A lubricant can be disposed at the interface of the connection of framing elements and node connectors to allow an easier disassembling if the bridge is temporarily installed.

The invention will be described below in greater detail in connection with embodiments thereof that are illustrated in the drawing figures.

The features of the present invention which are believed to be novel are set forth with particularity in the appended claims.

BRIEF DESCRIPTION OF THE DRAWINGS

A preferred embodiment of the present invention will be described in greater detail below with reference to the following drawings, in which:

FIG. 1 is a perspective view of a fully assembled modular bridge in accordance with the present invention.

FIG. 2 is a perspective view of the main carrying members of the bridge shown in FIG. 1 prior to installation of floor boards, fencing and stringers;

FIG. 3 is an exploded perspective view of the bridge understructure shown in FIG. 2;

FIG. 4 is an exploded perspective view of the bridge shown in FIG. 1 including floor boards, fencing and stringers;

FIG. 5 is a perspective view of a splice in the bridge of FIG. 2;

FIG. 6 is a exploded perspective view of the connection system with moment resisting capability shown in all previous figures (FIGS. 1, 2, 3, 4 & 5);

FIG. 7 is an elevation view of the connection system shown in FIG. 6 when fully assembled;

FIG. 8 is a section view along lines A-A in FIG. 7 when fully assembled;

FIG. 9 is a section view along lines B-B in FIG. 7 when fully assembled;

FIG. 10 is a section view of along lines C-C in FIG. 9 when fully assembled;

FIG. 11 is a exploded perspective view of the compression chord connector shown in FIGS. 1, 2, 3, 4 & 5;

FIG. 12 a section view of the superior connector shown in FIG. 11 when fully assembled;

FIG. 14 is a section view along lines D-D in FIG. 12 when fully assembled.

FIG. 15 is an elevation view of the inferior node connector with moment resisting capabilities;

FIG. 16 is an elevation view of the superior node connector;

FIG. 17 is a section view of the diagonal/vertical struts and transversals;

FIG. 18 is an alternative for the inferior connector element. It is therefore possible that the struts to be made of a hollow section, usually circular, and the tension forces can be taken by a rod that is independently located near the strut neutral axis.

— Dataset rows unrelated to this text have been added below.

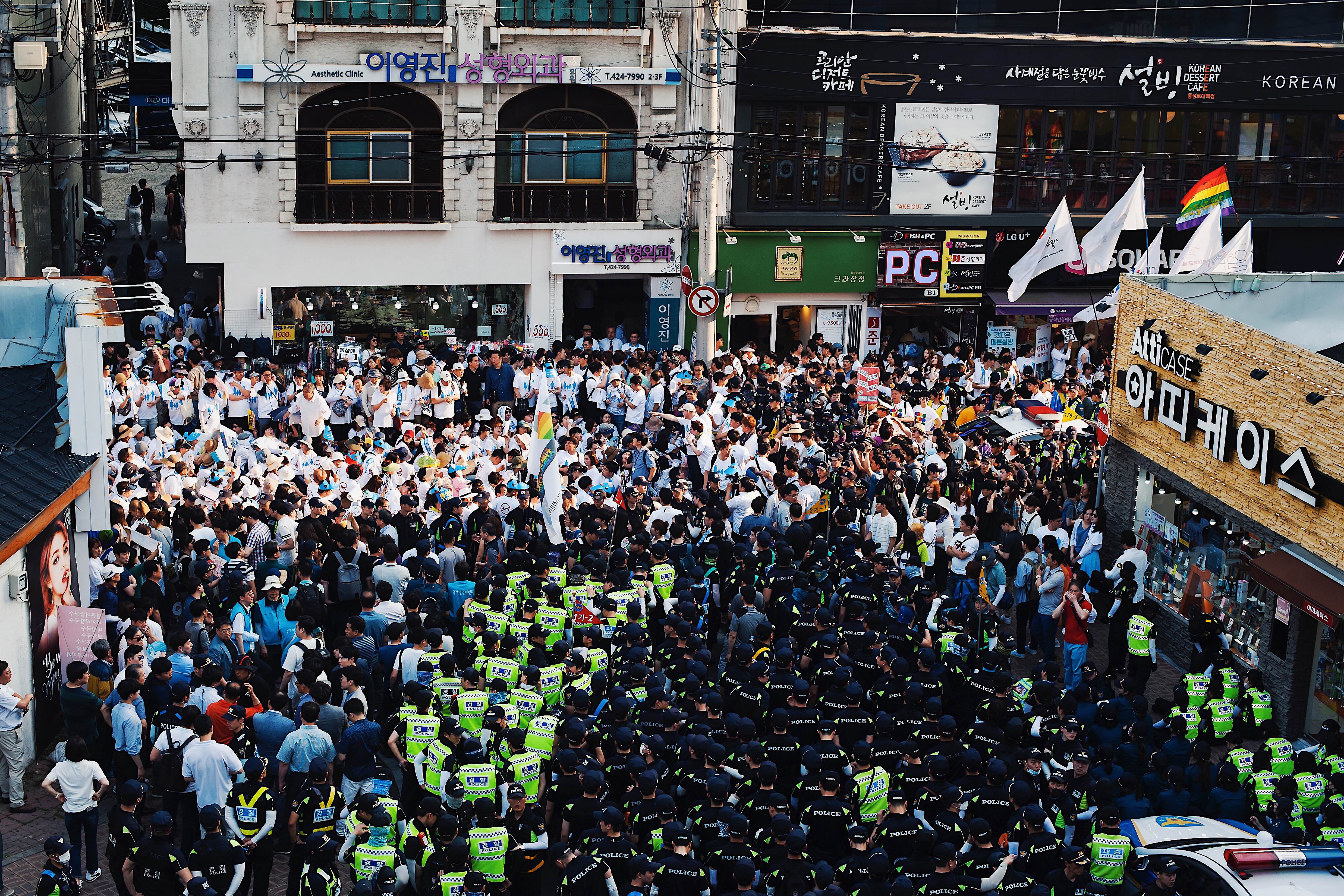 Anti-LGBTQ demonstrators at Daegu Queer Culture Festival in Daegu, Korea, June 2018. Despite police efforts to maintain control of protests against the parade, when over 500 religious demonstrators sat on the street, singing the national anthem and refusing to move, the parade had to be shut down. From ongoing project.
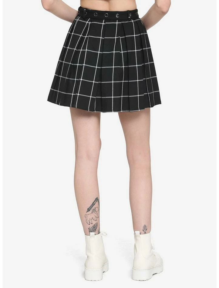 Get that ’90s-grunge-schoolgirl look with this plaid pleated skirt! Its black-and-white color combo will match with anything, and its grommet belt gives it that extra, edgy oomph.
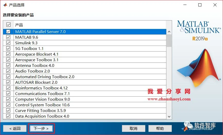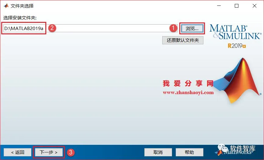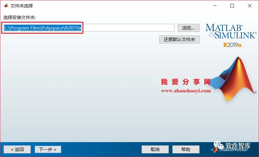9、选择软件安装路径,默认安装在C盘,因软件占用磁盘空间19G+,建议点击【浏览】更改软件安装位置,注意:安装路径文件夹名称均不能含有中文字符!小编这里将软件安装在D盘MATLAB2019a文件夹下,设置好后点击【下一步】
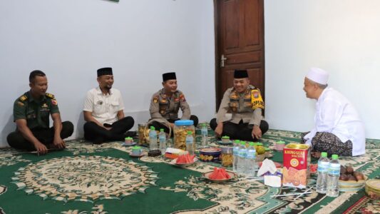 Kapolres Nganjuk AKBP Siswantoro, S.I.K., M.H., bersama beberapa Pejabat Utama (PJU) dan Kapolsek Prambon berkunjung ke kediaman Ketua MUI kabupaten Nganjuk sekaligus Rois Syuriah PCNU Nganjuk, KH. Ali Mustofa Said, Desa Tanjungtani, Kecamatan Prambon, Kabupaten Nganjuk, Selasa (30/7/2024).
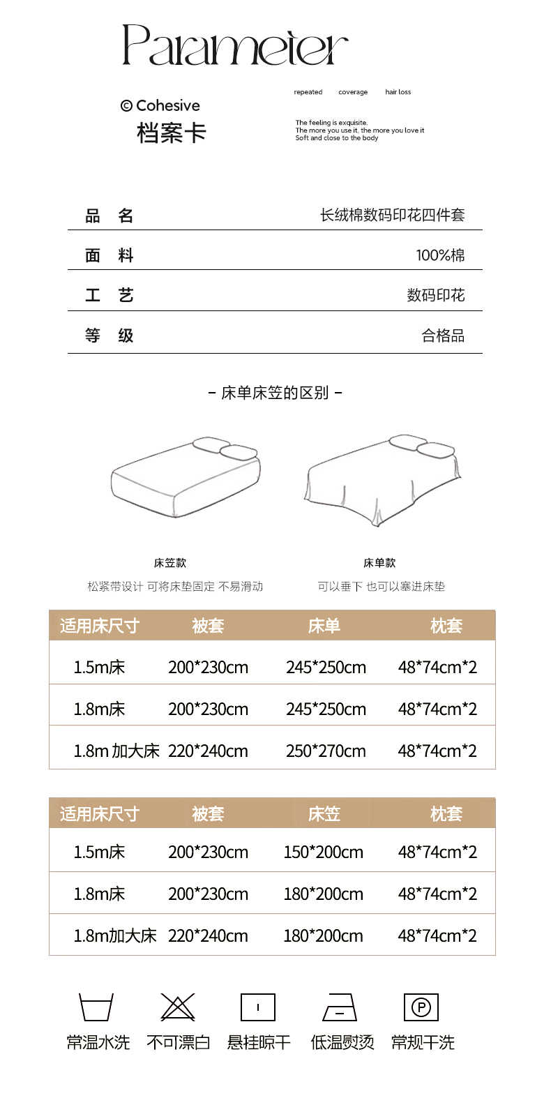 【床笠款】1.5四件套-被套200x230 | ¥250.00 |
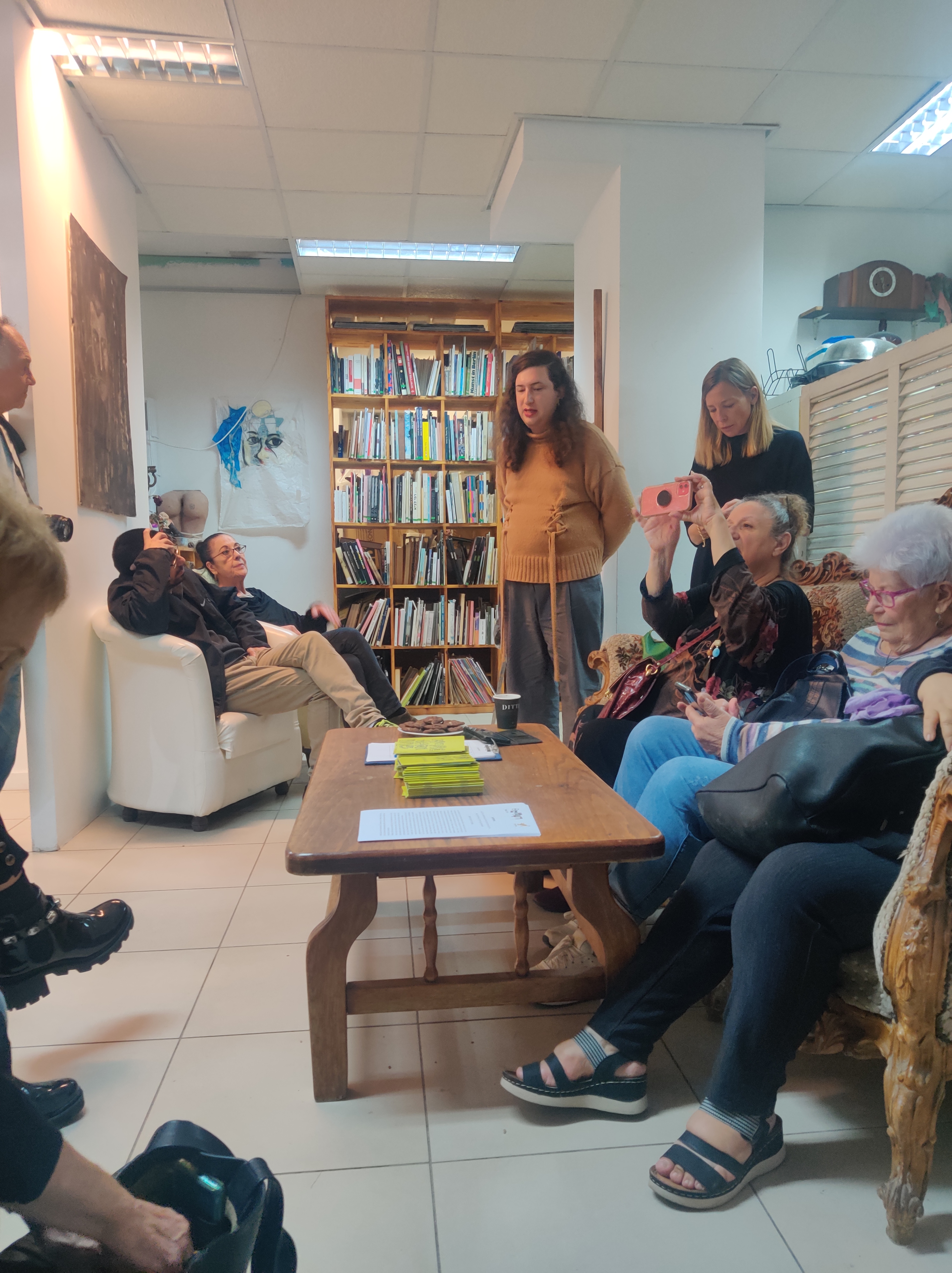 מפגש עם מידד אליהו, המפעל, ברקע עבודה של נטע ליבר שפר
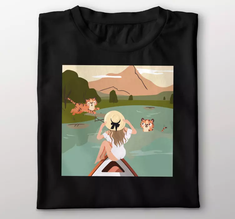 Embrace the wild spirit of nature with our Adventure with tigers t-shirt! This stunning design features a playful girl surrounded by majestic tigers in a vibrant illustration. The cartoon style showcases a serene lake and lush nature, inviting you to relax by the water while enjoying the beauty of these magnificent animals. Perfect for those who love the outdoor lifestyle, this t-shirt captures the essence of adventure and tranquility in one captivating scene.
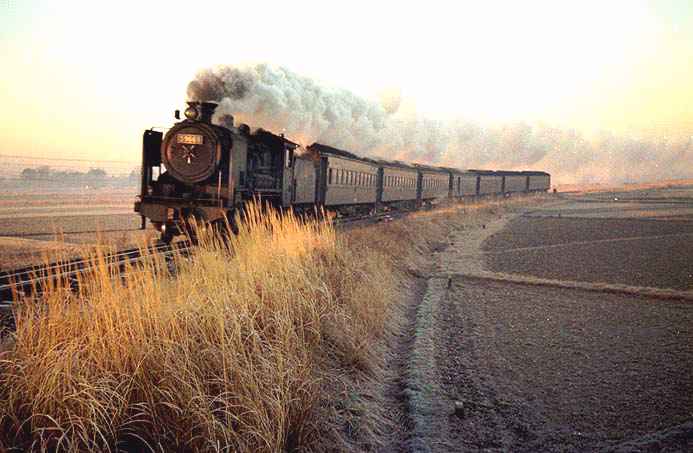 朝夕の通勤通学列車に、9600型SLのひく61系の7両が麦畑の中を、雑木林の脇を軽快に走っておりました。各停なのでバイクで追いかけて何度か撮影できるのですが、空いた道路を70Km/h位で飛ばさないと追いつけず、125ccの原付バイクではなかなか大変でした。では、もっと大型のバイクならとお思いでしょうが、撮影場所は、畑道端や林のはずれなので小形のバイクでないと駐車に手間取りかえって時間が掛かります。列車を追いかけての撮影は、予想外な危険が伴います。 2000.01.19
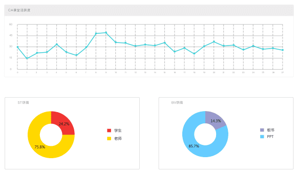 智能分析教研數據,實現對老師和學生的課堂活動的實時監測、自動跟拍、準確定位的智能操作,同時完成S-T教學行為數據精細化采集,真實還原整個課堂教學情境并自動匯聚于資源管理平臺。實現為教研督導提供學生專注度變化曲線圖、多媒體使用率、老師與學生互動頻次等數據,智能分析成簡潔明了的數據圖譜。
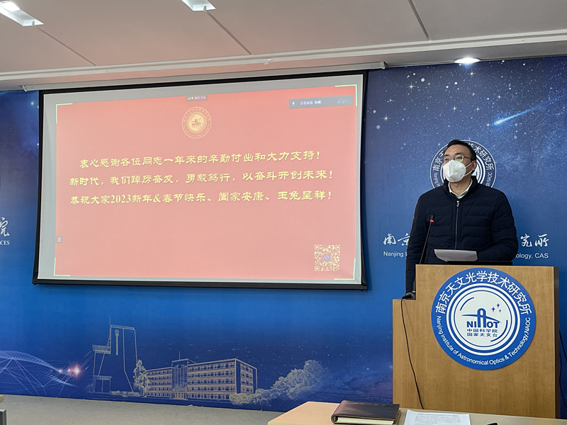 宫雪非向大会通报了2022年研究所财务收支情况、资产、科研项目和人力资源等总体概况。他指出,南京天光所围绕主责主业,优化科研布局,2022年建立以“四室一中心”为主体的科研组织架构,增强了研究所聚集主责主业的竞争力和科技创新活力。宫雪非强调,研究所重点开展定向性基础研究,积极推进中国大型光学红外望远镜的建设,“十四五”重大科研任务“大型天文光学红外望远镜前沿技术研究”获得“大科学装置前沿研究”重点专项科技部立项。研究所作为10月9日成功发射的先进天基太阳天文台(ASO-S)“夸父一号”卫星的有效载荷全日面矢量磁像仪(FMG)主任设计师单位,参与研制的FMG是我国第一台空间太阳磁场测量设备,成功实现了我国首次在空间开展太阳磁场观测,已获得的太阳局部纵向磁图的质量达到国际先进水平,为聚焦“一磁两暴”科学目标,实现高时间分辨、高精度的太阳磁场观测奠定了良好的基础。全年有力推进中国空间站巡天空间望远镜系外行星成像星冕仪、无缝光谱仪组件初样研制按计划紧锣密鼓地实施。LAMOST光谱巡天获得2000万条光谱,主动光学关键执行器件自主研制获重大突破并已开展实际观测应用。国家自然科学基金重大科研仪器项目“围绕暗弱恒星的太阳系外行星高对比度成像探测仪器研制”、“30m望远镜拼接式非球面主镜的子镜面形检测设备”、“基于差分延迟干涉的微角秒天体测量装置研制”进展顺利。国际合作重大科研仪器项目“西班牙GTC高分辨率超稳定光谱仪”正式启动。1.6米多通道测光巡天望远镜完成现场装调并顺利出光,在国际上首次实现较大通光口径大视场、多通道高精度测光巡天。同时,在国家基金、省基金、重大研制项目争取方面稳中有进,在天文光学新技术研究、系列大中型天文望远镜研制、系列光谱仪等科学仪器研制、镜面研制与镀膜等科研项目方面均取得可喜的重要进展。报告还总结了人才队伍建设、制度建设、新园区和科研平台建设、质量、保密、科学传播、信息化、统战、工会和团委等方面工作取得的新成绩。宫雪非最后对2023年全所工作重点进行了部署,他指出,2023年是全面贯彻落实党的二十大精神的开局之年,全所要集中精力于创新发展,把研究所重点工作和大事、要事完成好,踔厉奋发,勇毅笃行,以团结奋斗开创美好未来。
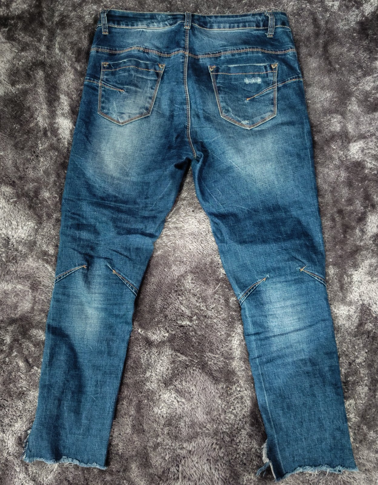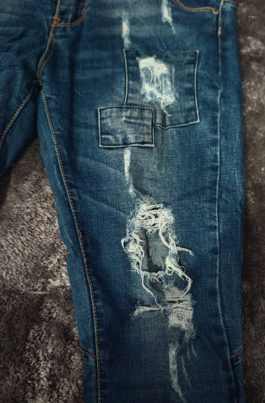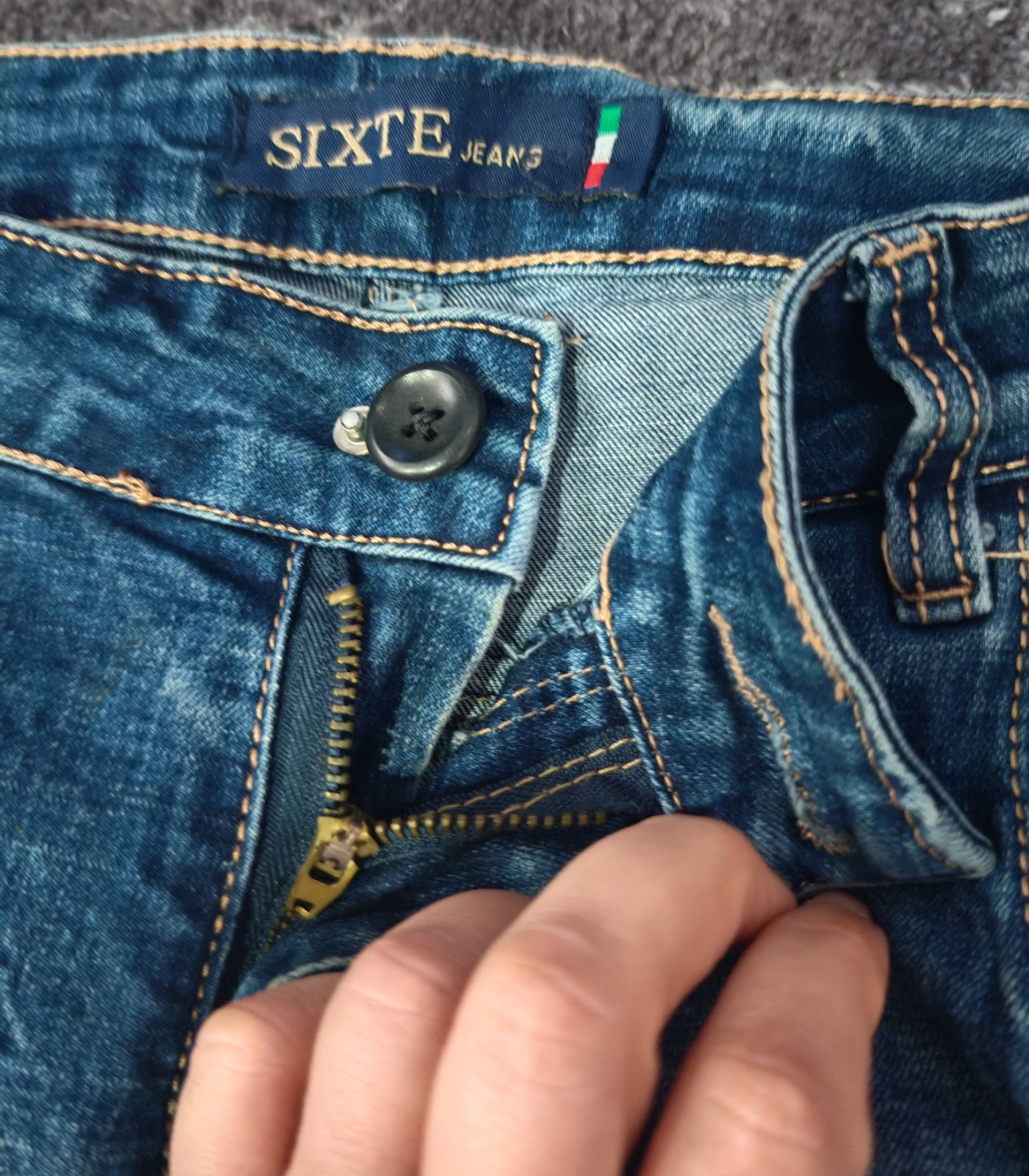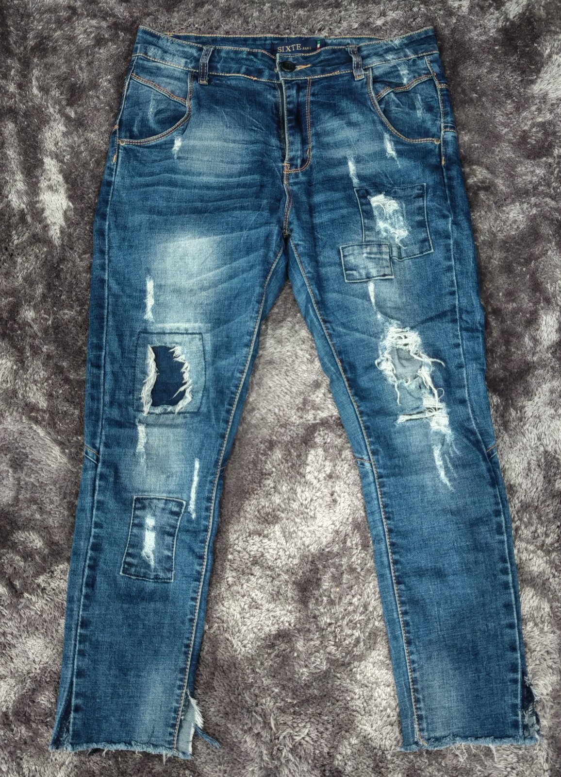Suchane rifle so zaplatami,jemne pruzia,pas je vyssi,nosene.oblubene,ale este paradu narobia.Maju odtrhnuty gombik-nasila som iny-vid foto a na spodku su natrhnute,ale vyzera to,ze to ma take byt :-)Pisana velkost S,ale podla mna M.riadte sa mierami
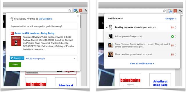 Tre le novità recenti di Google+ ci sono due estensioni riservate agli utenti di Chrome: una permette di condividere il +1 con i propri amici sul social network tramite la barra in alto, mentre il secondo fa sì che l’utente possa visualizzare le notifiche di Google+ tramite il browser.
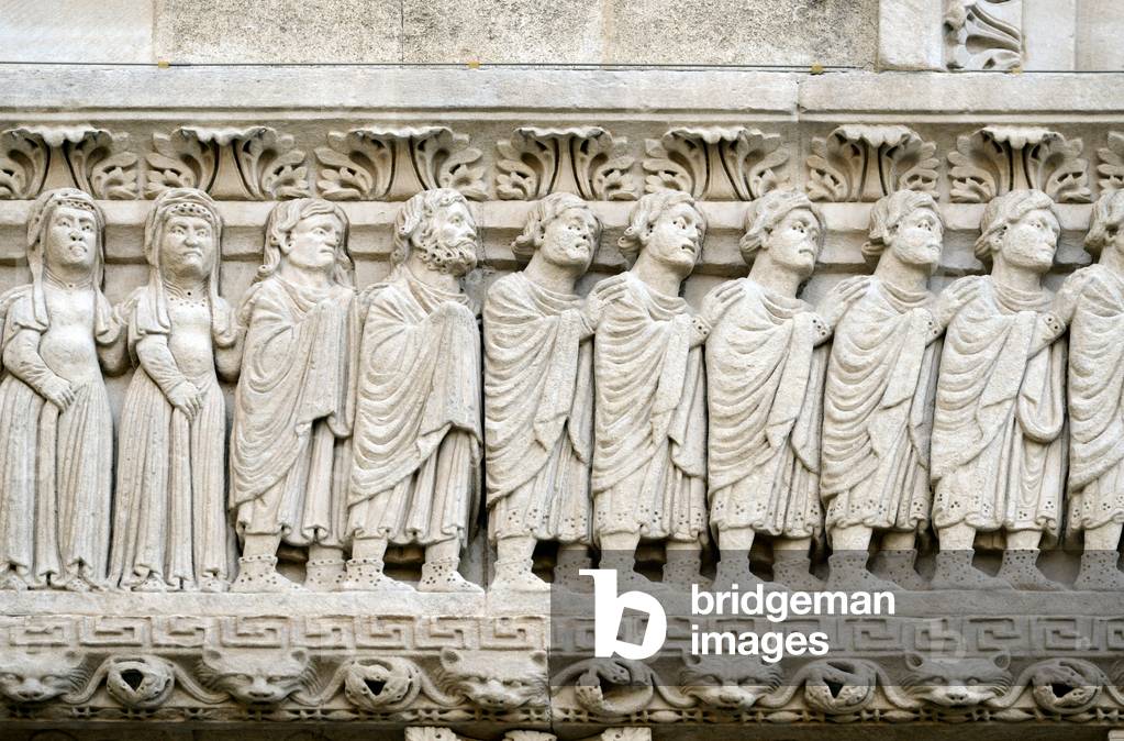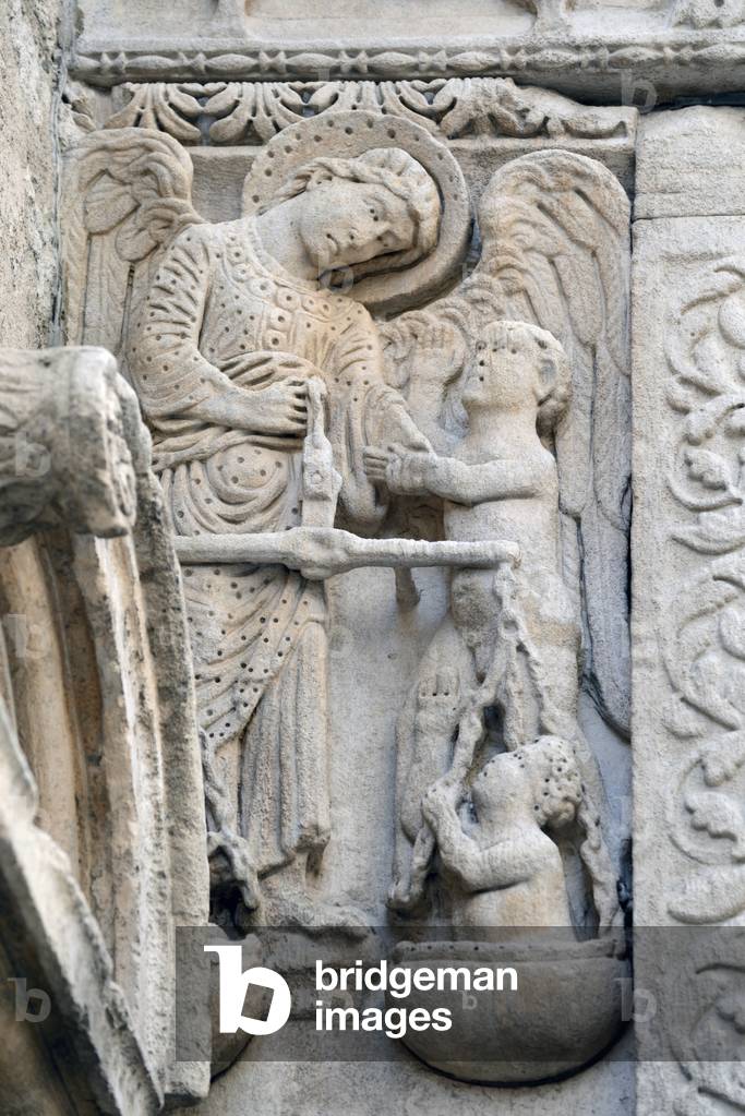 HLR5891561 Romanesque Sculpture of Archangel Saint Michael Offering a Saved Soul to the Bosom of Abraham on the Façade of the Church of Saint Trophime Arles France

FIG. 19 is a section view along lines E-E in FIG. 18 when fully assembled;

FIG. 20 is another alternative for the inferior connector element. It is therefore possible that the struts to be made of a hollow section, usually circular, and the tension forces can be taken by an insert located inside the hollow section.

FIG. 21 is a section view along lines F-F in FIG. 20 when fully assembled;

DETAILED DESCRIPTION OF THE PREFERRED EMBODIMENT

Turning to FIG. 1, a modular pedestrian bridge 1 is shown comprising a plurality of individual elements connected to each other by the mean of node connectors 4 and 7. Fencing 20 connect to the vertical trusses on the inside as shown or eventually on the outside. A decking 21, or eventually floor boards, is placed on top of the stringers (not shown) and acts as a floor to be walked on. Ends of the bridge, when installed, are connected to respective end footings (not shown) via respective anchors (not shown).

The modular sections of fencing 20 may be fabricated to any suitable length. Typical sections contemplated are 5 feet, 10 feet, 15 or 20 feet in length.

FIG. 2 shows the bridge in FIG. 1 prior to installation of the decking and stringers. As can be seen from FIG. 2, both vertical trusses are linked to each other via a plurality of transversals 3 and diagonals 5 extending there between.

FIG. 3 illustrates an exploded view of the main bearing structure comprising a plurality of linear elements such as two tension chords 8, two compression chords 1, a plurality of diagonals 2, transversals 3, floor diagonals 5 all connected to each other by the mean of top node connectors 7 and bottom node connectors 4.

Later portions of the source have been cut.